Nights starry blankets of gold, 

Her only company at night.

Her frustration was yet untold,

She was in a constant mental fight.

“Please little stars, I feel alone and weak,

They never comprehend any word I speak.”

“Please little stars, my soul is slowly leaking

With every empty word, that I keep speaking.”

“My life is dull, they don’t understand,

The constant coldness that Im trying to withstand”

“My past keeps haunting me, every day.

It creeps just a little closer, with every word I say.”

“All I want is to be saved, little stars,

And fly into the vastness of the universe, all the way to mars.”

“But they never spot the sadness in my smile.

They never spot moments of silence, every once in a while.”

“They never question the riddles hidden in my words,

They never questioned the moment, I stopped singing with the birds.”

“They never questioned the bruises on my spine,

Never questioned the cuts on my body, forming red lines.”

“They never comprehend my words of pain,

They think, there is nothing to loose, only to gain.”
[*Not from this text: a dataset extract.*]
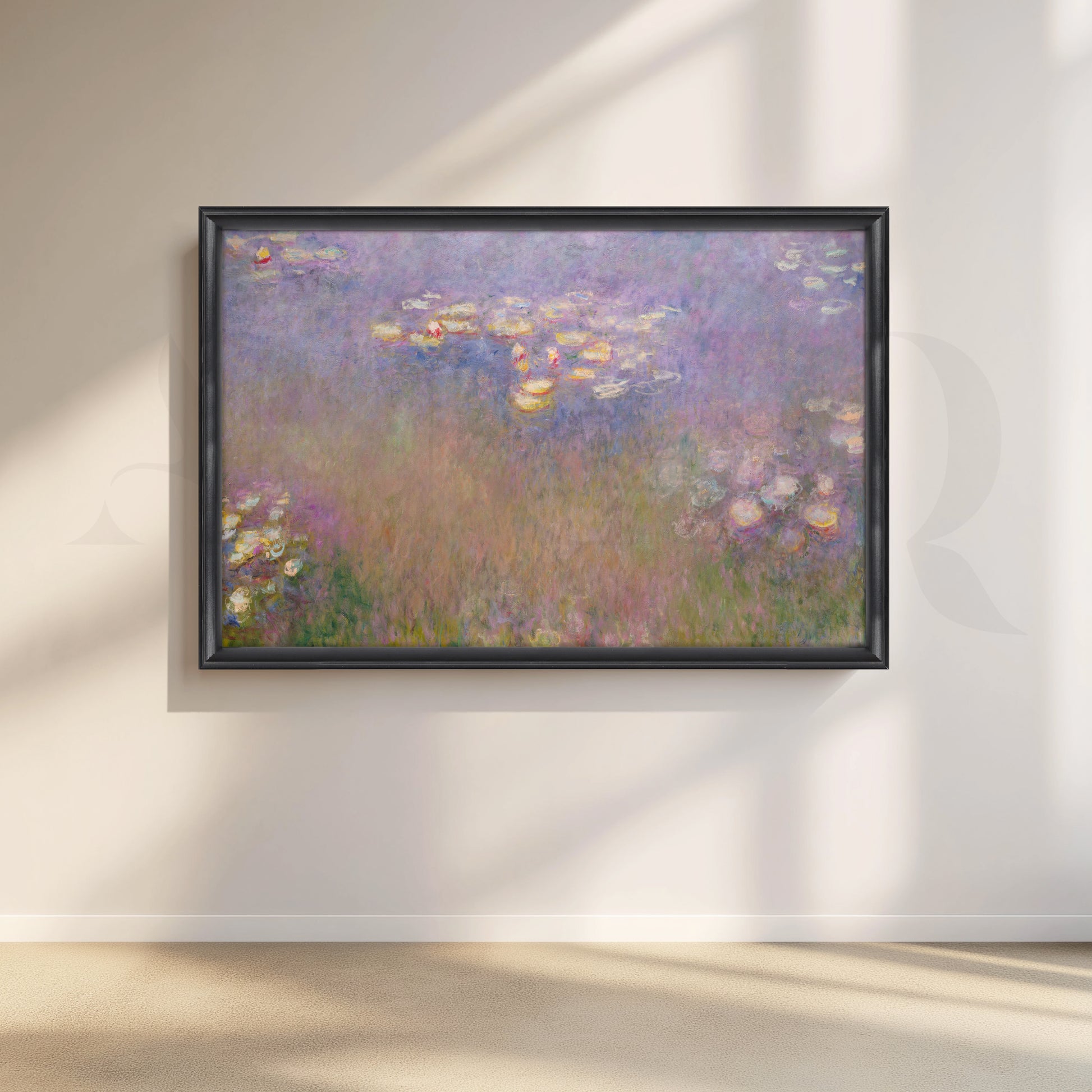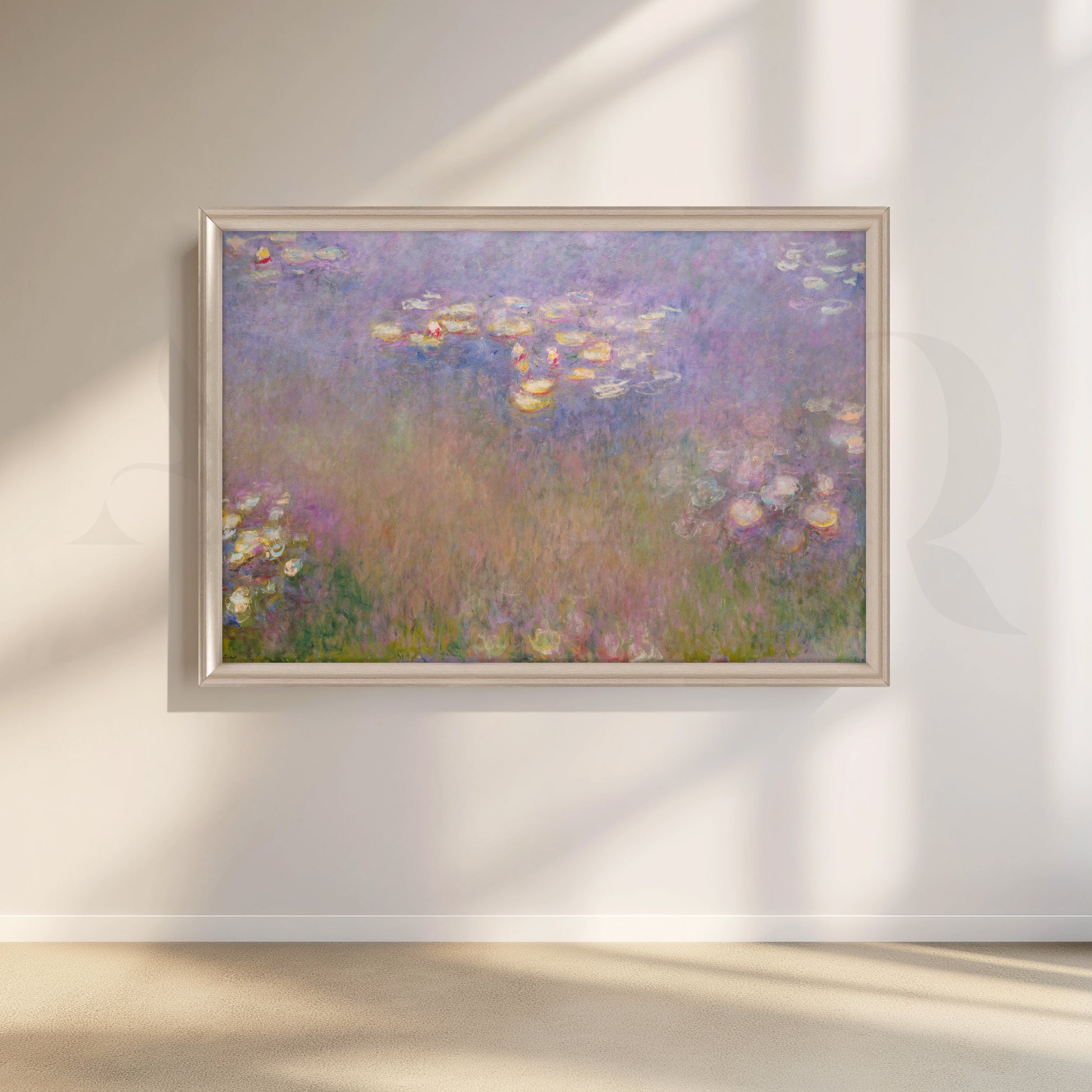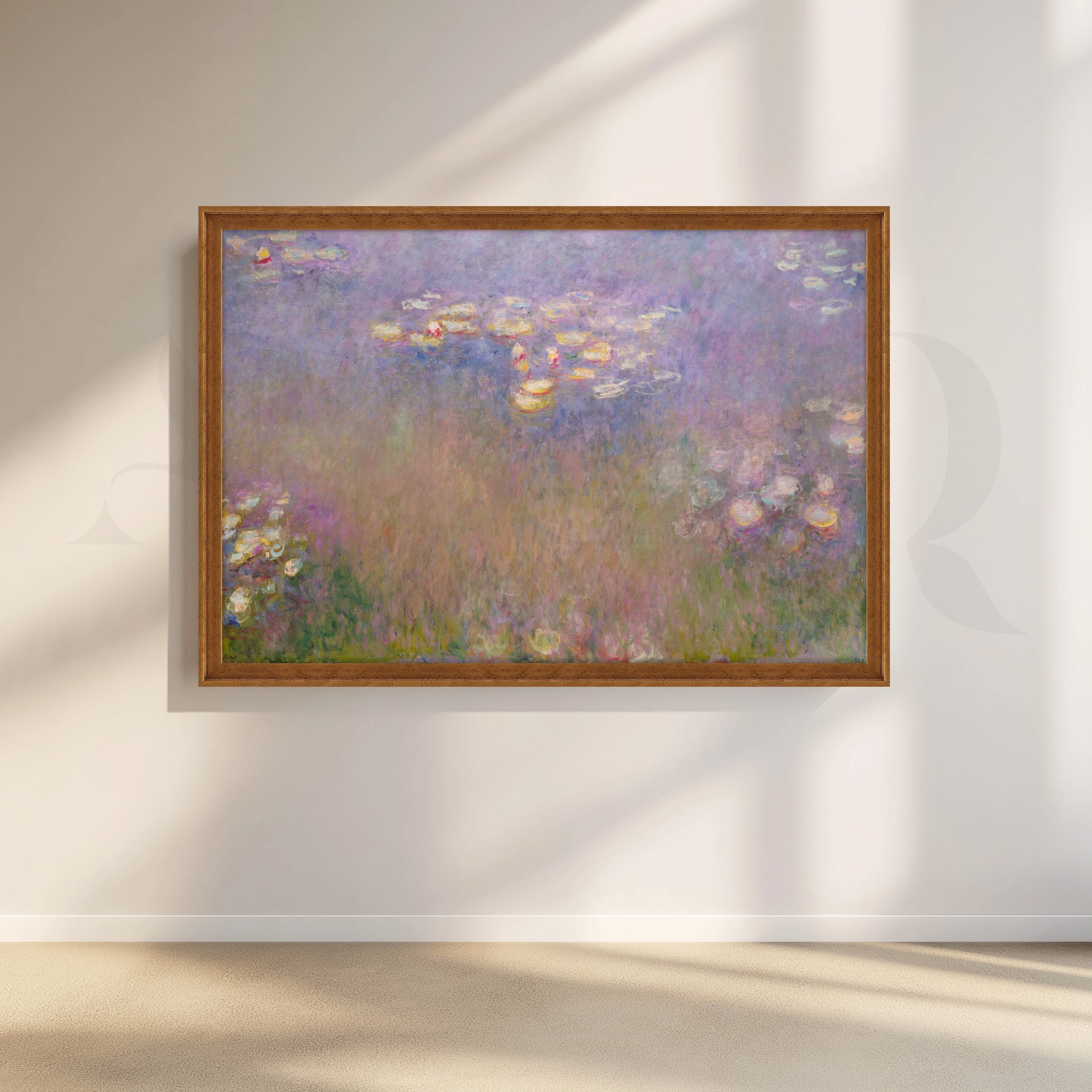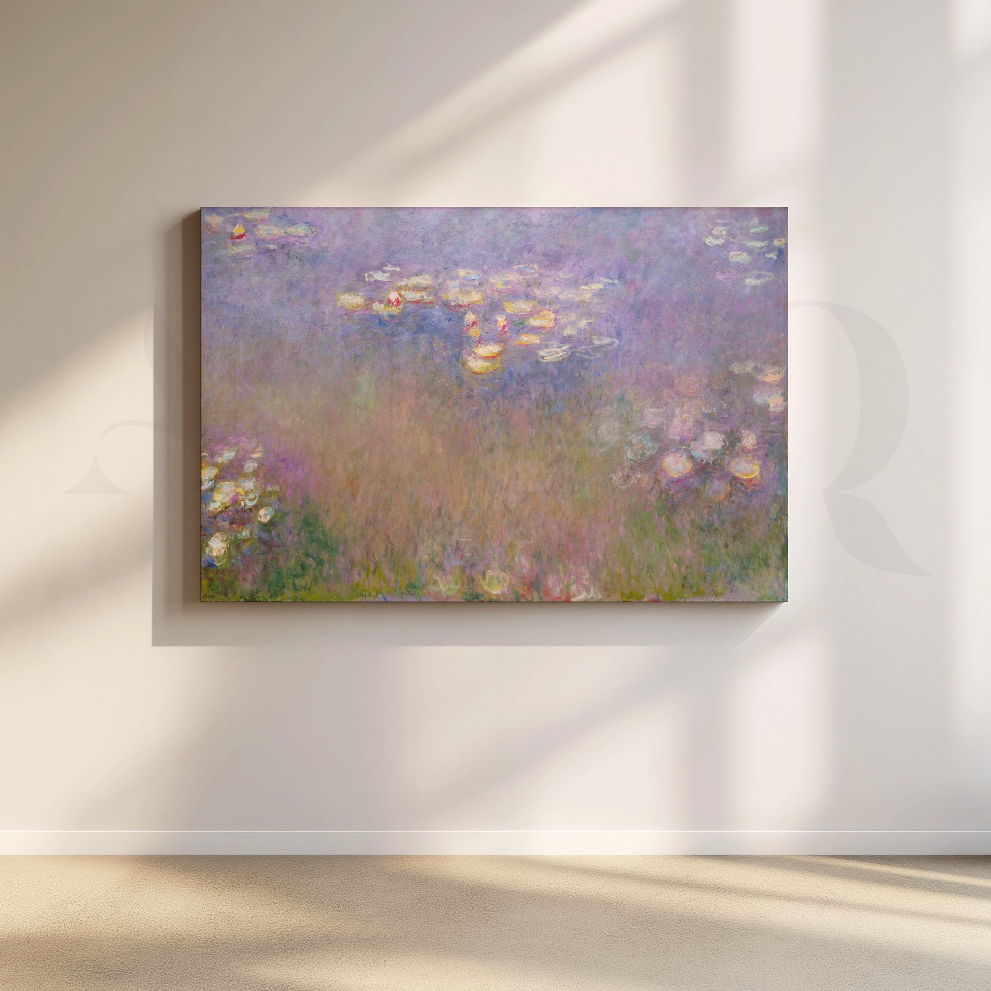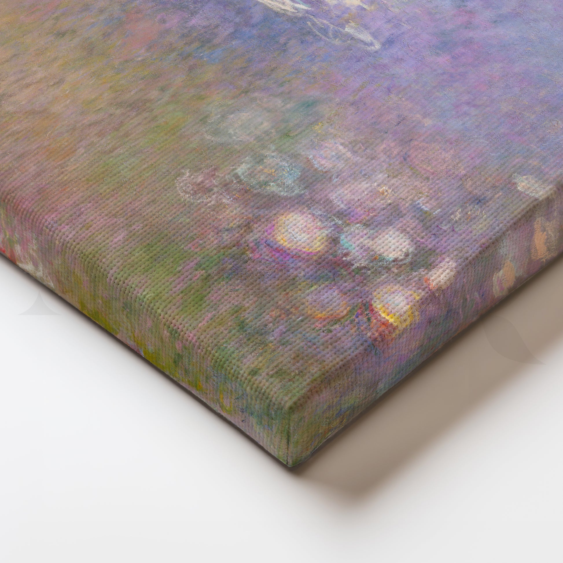 A dreamy field of lilac, blush, and pearly highlights drifts across Monet’s iconic pond, perfect for restful bedroom wall art. The soft pastels and diffused light make this abstract impressionist canvas ideal for boho bedroom décor, calming nursery accents, or a serene modern wall art moment over a sofa. Museum-style texture and subtle color shifts deliver upscale large canvas art for tranquil interiors.

“And most of all, little stars, they think Im strong.

But Im not.”

And nights starry blankets of gold,

Would never answer.

They would only listen every night,

To her mental cancer.

Absorbing her soul a little bit more every night,

Until, one day, she gave up the fight.

And only then, it is that people started to comprehend,

Her bruises weren’t her doing, in the end.

The cuts decorating her body,

Were his doing.

Her weakness,

Was his doing.

Her riddled words started to make more sense.

And today they can still her her say,

In the absence of the brightness of each day:

“Please little stars, I feel alone and weak,

Please take me away.”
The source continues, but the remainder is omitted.